The Canterbury Tales: The Miller's Tale
by Geoffrey Chaucer
The Canterbury Tales: The Miller's Tale Foolishness and Folly Quotes
How we cite our quotes: Citations follow this format: (Line). We used the line numbering found on Librarius's online edition.
And thus she maketh Absolon hire ape,
And al his ernest turneth til a jape.
Is it really Alisoun who makes Absolon appear foolish? Or is it his own refusal to give up the courtship in the face of continued rejection? There is a way in which Alisoun turns Absolon's earnestness into a joke, in her refusal to take it seriously herself.
. . . Nicholas shal shapen him a whyle
This sely jalous housbond to bigyle.
"Sely" means stupid, but it also means innocent and harmless, the implication being that the innocent lack guile.

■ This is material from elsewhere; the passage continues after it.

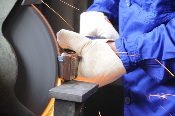 龍小平為記者現場演示車工最基礎的一道工序——磨刀。新華網 聶晨靜 攝
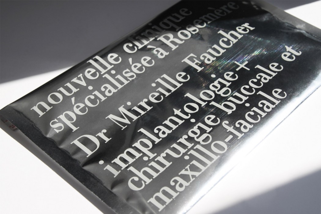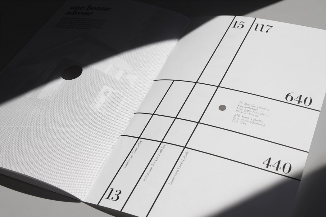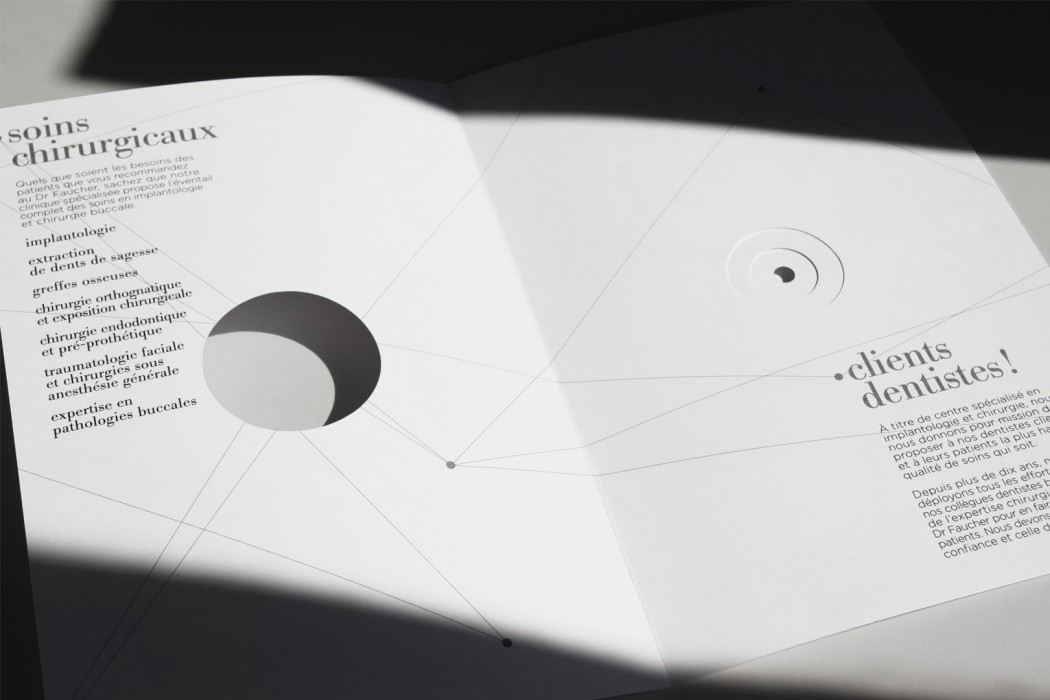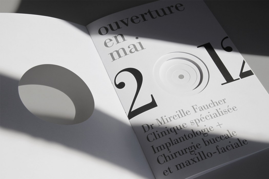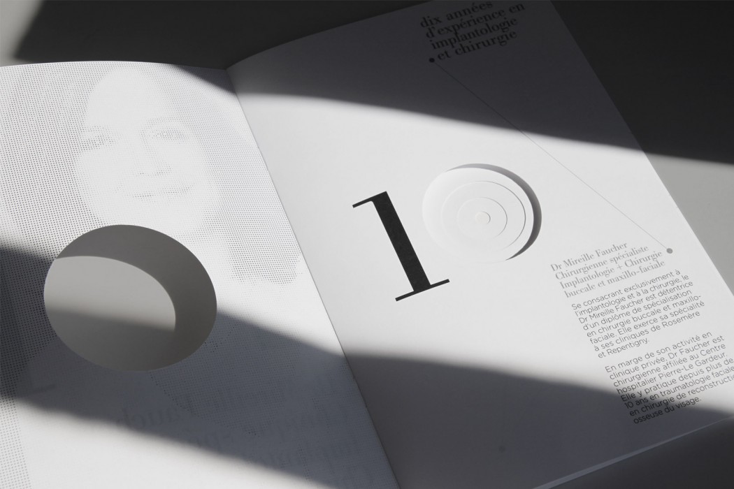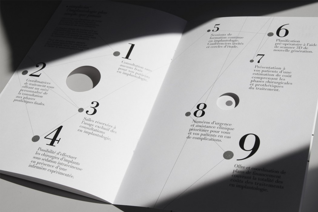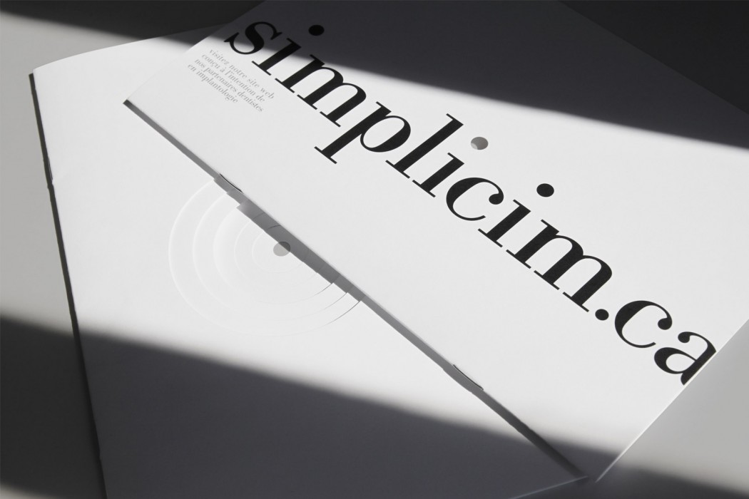 Élément important du programme d’identité visuelle de la marque – du fait, entre autres, de son évocation du pivot utilisé en implantologie –, le cercle a été joué en découpes à l’emporte-pièce concentriques. Cet astucieux emploi de découpes a permis de faire le point focal sur différents éléments informatifs au fil des pages. La sobriété visuelle, la dominance du blanc et l’enveloppe métallisée créent un lien fort avec l’image de marque de Simplicim et l’aspect novateur de sa nouvelle clinique. Une pièce qui se distingue élégamment de la masse d’envois postaux qui atterrissent sur les bureaux des docteurs!

It's a perfect word to describe John, whose "sely"-ness derives from a somewhat innocent nature that fails to see the treachery in others.
Ye, blessed be alwey a lewed man
That noght but only his bileeve can!
John's defense of the "lewed" or "unlearned" is rendered foolish by the ease with which he is duped by Nicholas only a few lines later. If John had probed further into Nicholas's story, perhaps he would not have been so easily tricked.